2. Virus van klasse 4, 3 of 2
Inschalingslid b, c, g en h: virus van klasse 4, 3 of 2
Om inschalingslid b, c, g of h van toepassing te laten zijn, moet het virus benoemd zijn op de lijst 4.1 van Bijlage 4 van de Regeling. Deze lijst bevat de classificatie van virussen op basis van hun ziekteverwekkend vermogen voor mens en/of dier.

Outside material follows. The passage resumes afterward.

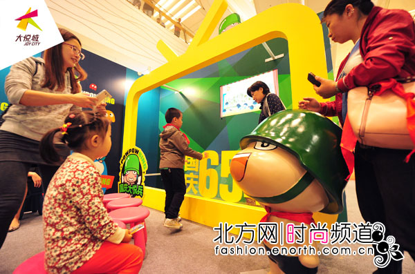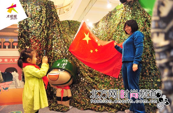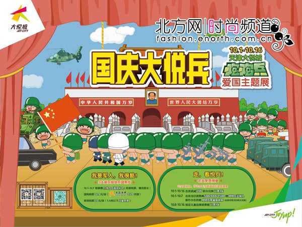 北方网时尚讯:什么才是最靠谱的十一假期?高速堵车,景区排队,游客被坑……快闪开!今年的十一正值建国65周年,天津大悦城吹响爱国集结号,一群肉肉脸的,脑袋大大的,带着绿钢盔的小兵操练起来。没错,这就是萌萌惹人爱的炮炮兵爱国主题展!

Indien het virus niet op deze lijst voorkomt dan moet een risicobeoordeling overeenkomstig bijlage 8 van de Regeling uitgevoerd worden en een artikel 2.8. verzoek worden gedaan om de pathogeniteitsklasse van het virus vast te stellen. Bij deze risicobeoordeling dient aangegeven te worden, met gebruikmaking van de definities van de klassen van micro-organismen, tot welke klasse het betreffende virus behoort.
3. Endogeen virus onder 5.4.2
Een endogeen virus dat mogelijk aanwezig kan zijn in de gastheercel of- cellijn onder 5.4.2
Bij handelingen met animale en humane cellen en cellijnen in associatie met biologisch ingeperkte virale vectoren dient, naast met de vector en de donorsequentie, rekening te worden gehouden met (mogelijke) aanwezigheid van (wildtype) virussen en virale sequenties die bij de vervaardiging van de cellijn zijn toegepast of die als besmetting in de cellen aanwezig kunnen zijn. Er dient in de risicoanalyse rekening te worden gehouden met de mogelijkheid van recombinatie en/of complementatie, waardoor er een recombinant (niet-biologische ingeperkt) virus kan ontstaan, hetgeen leidt tot een hogere inschaling, (artikel 5.4.3 in plaats van artikel 5.4.2 moet in een dergelijk geval worden toegepast, vanwege de opheffing van de biologische inperking van het virus).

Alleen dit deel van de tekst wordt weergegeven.